Leaders Urge Unity as COP30 Opens in Brazil Without US Delegation

The 30th United Nations climate change conference, COP30, opened on Monday in Belem, Brazil, with an urgent call for global unity, and a notable absence from the United States.
“In this arena of COP30, your job here is not to fight one another – your job here is to fight this climate crisis, together,” UN climate chief Simon Stiell told delegates. His message was blunt: progress has been made, but far too slowly. “Lamenting is not a strategy. We need solutions.”

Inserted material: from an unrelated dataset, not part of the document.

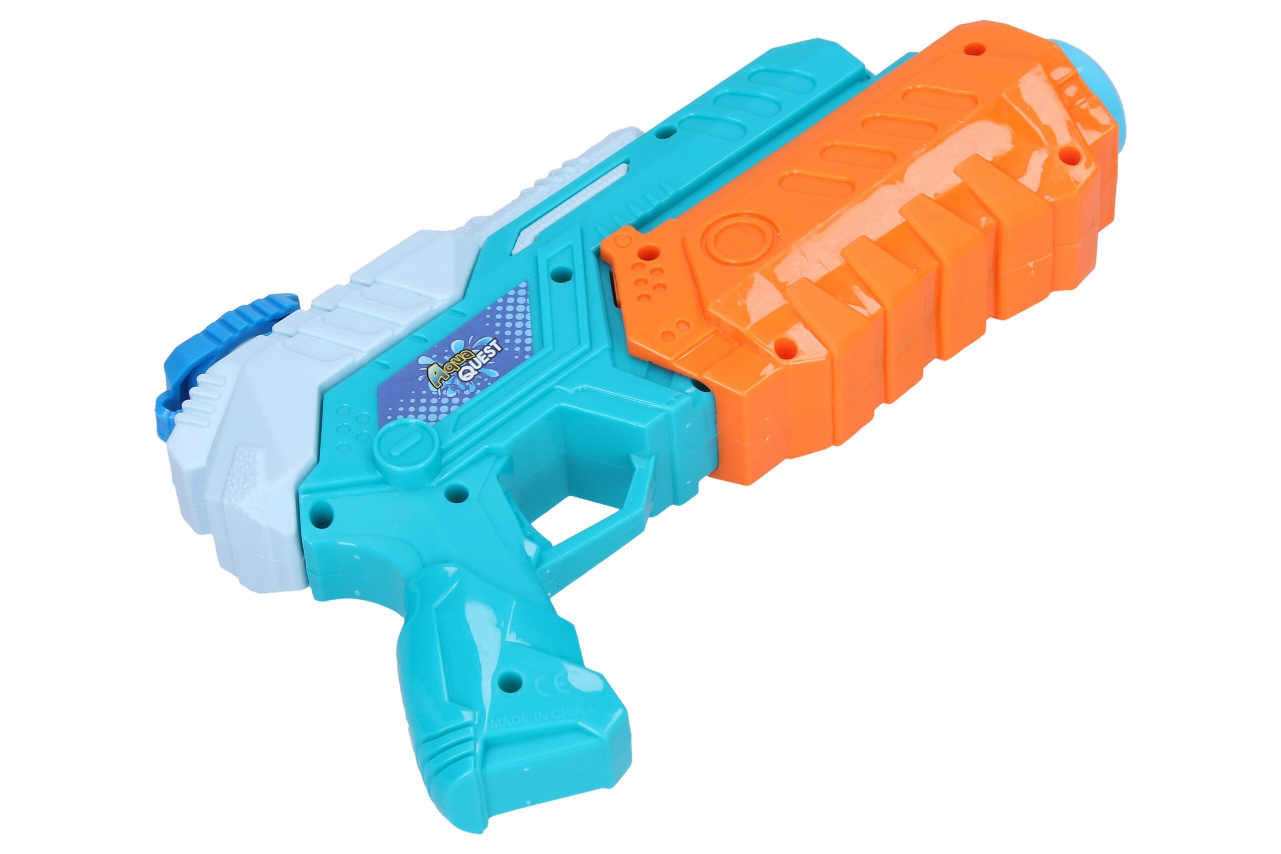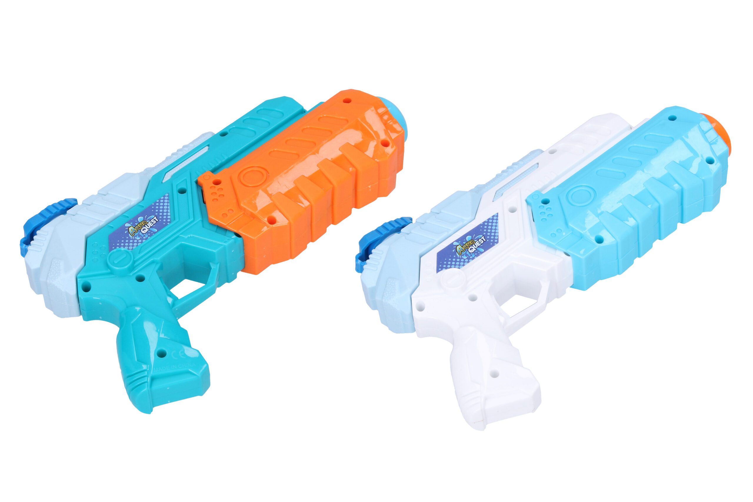 Vodní puška. Velikost 22 cm. 6 ks display box. 2 varianty – modrá, oranžová.

More than 50,000 participants from over 190 countries have gathered in the Brazilian Amazon for the 12-day summit, which comes amid record heat, fires, and floods across multiple continents. A UN review released ahead of the conference found that current national pledges fall dangerously short of the cuts needed to limit global warming to 1.5°C above pre-industrial levels — the threshold scientists say marks the line between crisis and catastrophe.
“Climate change is no longer a threat of the future. It is a tragedy of the present,” Brazilian President Luiz Inacio Lula da Silva said in his opening remarks. Lula condemned climate denialism as a political weapon. “They attack institutions, they attack science and universities,” he said. “It’s time to inflict a new defeat on the deniers.”
The US decision not to send a delegation drew mixed reactions. The absence aligns with President Donald Trump’s rollback of climate commitments, including the withdrawal from the Paris Agreement and cuts to environmental funding.
COP30 President Andre Correa do Lago suggested Washington’s absence could shift the spotlight.
“The US’s absence has opened some space for the world to see what developing countries are doing,” he said.